Donald’s monthly investment report,
entitled “Basic Points” (subtitled “Goodbye, Global Savings Glut: Hello, Food
& Fuel Inflation” for the June/July 2008 edition) has just been published
and I deemed it opportune to share some of his words of wisdom with you in the
paragraphs below (courtesy of Commodity
News and Mining Stocks).
1. This is a Bear market on Wall
Street. Like other bear markets, it is being led by the financial stocks. Until
they start to outperform on relative strength, the market’s primary trend is
down.
2. Canada went to another new high last
week. This year will be the seventh straight year that Toronto has outperformed
New York. At some point, those Canadian investors who, afflicted with the
national inferiority complex, are so eager to sell Canadian stocks to buy the
big US names discussed on CNBC will realize just how expensive their bad habit
really is.
3. One reason for Canada’s
outperformance is that Canadian bank stocks have been so strong compared to
their US counterparts. A decade ago, the price to book comparisons favored US
banks. In recent years, it has been “No Contest”. As of last month (according to
the great Hugh Brown), the ratio favoring Canadian banks over US banks went to a
new high. That means, for Americans, if you must own banks, go North.
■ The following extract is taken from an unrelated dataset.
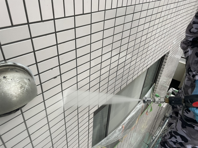 【薬品洗浄工事】外壁タイルを薬品にて付着した汚れやコケなどを磨いて落とし高圧水洗浄機で洗浄している施工状況。

4. Gold gives three signals: inverse
performance to the dollar, an inflation call and a warning if a financial crisis
impends. Gold shot through $1,000 an ounce at the time of the Bear Stearns
vaporization: many investors (including us) thought the Bear was, with Goldman,
one of the two well managed investment banks, so its demise meant further
collapses. When Bernanke managed to avert further crashes, gold retreated to
$850. It is once again signaling that there is stormy weather ahead on Wall
Street, just as there is stormy weather on the plains.
5. That stormy weather across the
Midwest keeps destroying crops and sending grain and soybean prices skyward.
Remain overweight the fertilizer, farm equipment, and seed stocks. They are no
longer cheap, but, unlike most other equity groups, they offer powerful earnings
growth stories - even if the US and Europe go into recessions.
6. Remain overweight the oil and gas
stocks. We think the upside potential for natural gas now exceeds that of oil,
which is vulnerable to a downside correction, particularly if Congress passes a
law that forces pension funds to disinvest in commodities. We still think that
is unlikely, because it would not only be bone-headed, but it would set a
terrible precedent, and would undermine the basic theory underlying
ERISA.
7. The mounting propaganda campaign
against the Alberta oil sands could inflict real harm. We do not recommend that
clients invest in companies that are still far from production, but do recommend
that clients stay overweight the producers. If the US actually decides to ban
imports of Alberta synthetic oil, then their production will be sent to China.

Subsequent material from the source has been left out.